It’s time for another edition of Assassin of the Week! This week, we are very excited to highlight an artist that the writers of EDM Assassin really admire. He goes by the name of ‘jdub’ and he generously took the time out of his busy schedule to answer a few questions for me. I hope you guys like it!
Tim: Hi there, J-Dub/JDUB/jdub? I think it’s important to ask, how do you like your name written out?
jdub: jdub – All lowercase like my logo, jd-_-b which is intended to look like an emoji with headphones.
Tim: Now that that’s taken care of, it’s a shame other DJ’s are trying to use the same name. In one or two words, what makes you stand out as THE jdub?
jdub: At this point, I don’t think anyone going by that alias has really done enough to distinguish themselves, though I’m working hard toward that end. But when it’s all said and done I would hope that “songwriting” will set me a part from the other “jdub”s… LOL.
Tim: Tell me a little bit about yourself. What is your life like? Where did you grow up?
jdub: I’m just a normal guy in most respects. I love sports video games, beer, and bacon. You know, the usual stuff. I married the beautiful love of my life, with whom I have two children. My son is 6 and my daughter is 4. My family means everything to me. They inspire me on a daily basis. I have a day job as a Business Analyst, which is only a means to an end. If I could make money from my music, I would quit in a heartbeat. I don’t really aspire to climb the corporate ladder and run in the rat race any longer than I have to. I grew up in Wheeling, West Virginia. I know there’s a lot of negative stereotypes about the state but it’s actually a beautiful place and a lot of really good people live there. I live in Ohio now but I go back home every chance I get.
Tim: How old were you when you first discovered dance music? What did you think of it when you first heard it?
jdub: It’s probably been two or three years since I first started getting into electronic music. Some good dubstep started coming on my Pandora and I liked it a lot. I remember looking up Skrillex on YouTube and his music just blew my mind. I remember almost a fear response to the huge bass growls which were unlike anything I ever heard. It really opened a door for me as far as what I thought was possible in music.
Tim: What is your musical process like? Do you tend to enjoy remixing or producing original tracks more?
jdub: I’d say it’s probably 50% inspiration and 50% experimentation. It’s very rare that I have a complete idea that I can just sit down and execute on the first try. So I’ll put down what’s in my head and play around for a while. Sometimes things just fall into place. Other times I really have to work at making things work.
I really enjoy both. Remixes tend to move faster because so much is already there. I can usually knock out a remix in 8-12 hours. I think ‘8-bit Hero’ took me over a month to sit down and write all the parts due to getting stuck and coming back and tinkering until I could make it a complete musical idea. They are both rewarding in their own right.
Tim: EDM Assassin bloggers really love you, and through the website I saw some of your remixes, including Drake’s ‘Hold on We’re Going Home’. The remix is very different and unique. What inspires you to make tracks that are so original from everything else out there?

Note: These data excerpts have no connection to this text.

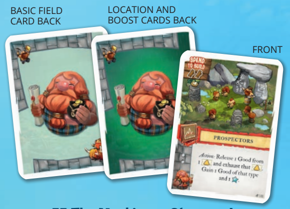
33 The Mackinnon Clan cards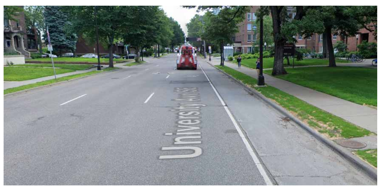
University Ave SE: Current conditions with three vehicle lanes and an unprotected gutter-pan bike lane

Hennepin County is currently consulting on re-design of University Ave and 4<sup>th</sup> St SE between I-35W and Oak St. With Oak St being the border of Prospect Park, these streets directly serve our neighborhood. The current layout of these streets channels traffic at high speed through a dense residential neighborhood. We thank Hennepin County for consulting about proposed changes in advance of a street reconstruction that will serve this area for the next fifty years.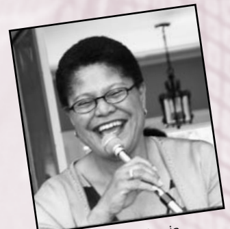
Karen Bass, California Assemblymember, Dist 47

The annual event raised $52,000. Proceeds included a silent auction of artwork, jewelry, Hollywood memorabilia, spa services, restaurant meals and a number of other items that drew a record number of bidders.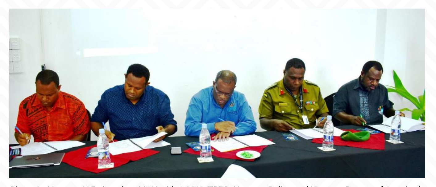
Photo 6 - Vanuatu IGF signed an MOU with OGCIO, TRBR, Vanuatu Police and Vanuatu Bureau of Standards for a working relationship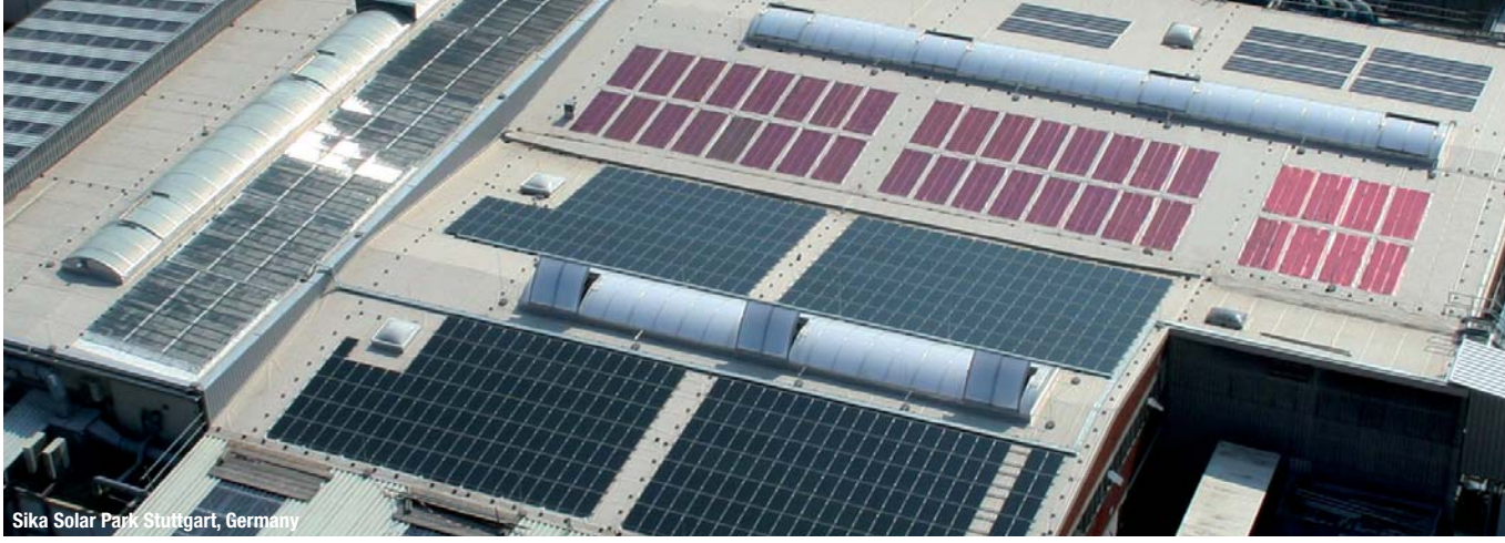
Sika Solar Park Stuttgart, Germany

jdub: First off, I love the EDM Assassins too! I really appreciate all of your support. I’m really becoming a big proponent of what I call the “What is genre?” philosophy. I feel like there’s too much music that is purely formulaic (intro+verse+drop with bass wobble repeat) etc., almost cookie cutter nowadays. What I love about electronic music is that in reality you are only constrained by your imagination. So I try not to get hung up on genre or BPM and just focus on making a cohesive piece of music with sounds and elements that sound together. And I make sure that it’s something that I want to listen to.
Tim: Do you have any favorite musical acts? Do they inspire your own music, and if so, how?
jdub: Some of my favorite electronic acts are Adventure Club, Seven Lions, Zedd, Skrillex, Candyland… I could go on and on. I really try to listen to as much as I can to stay inspired. I love finding unknown artists on SoundCloud or being the first to hear a new track after someone posts it. I also still try to keep up with what’s going on in other genres. You never know where inspiration will come from.
Tim: So a lot of my friends who enjoy EDM are shocked to find out that No Doubt is really my favorite artist. Do you have any musical inspirations that are kind of ‘out there’?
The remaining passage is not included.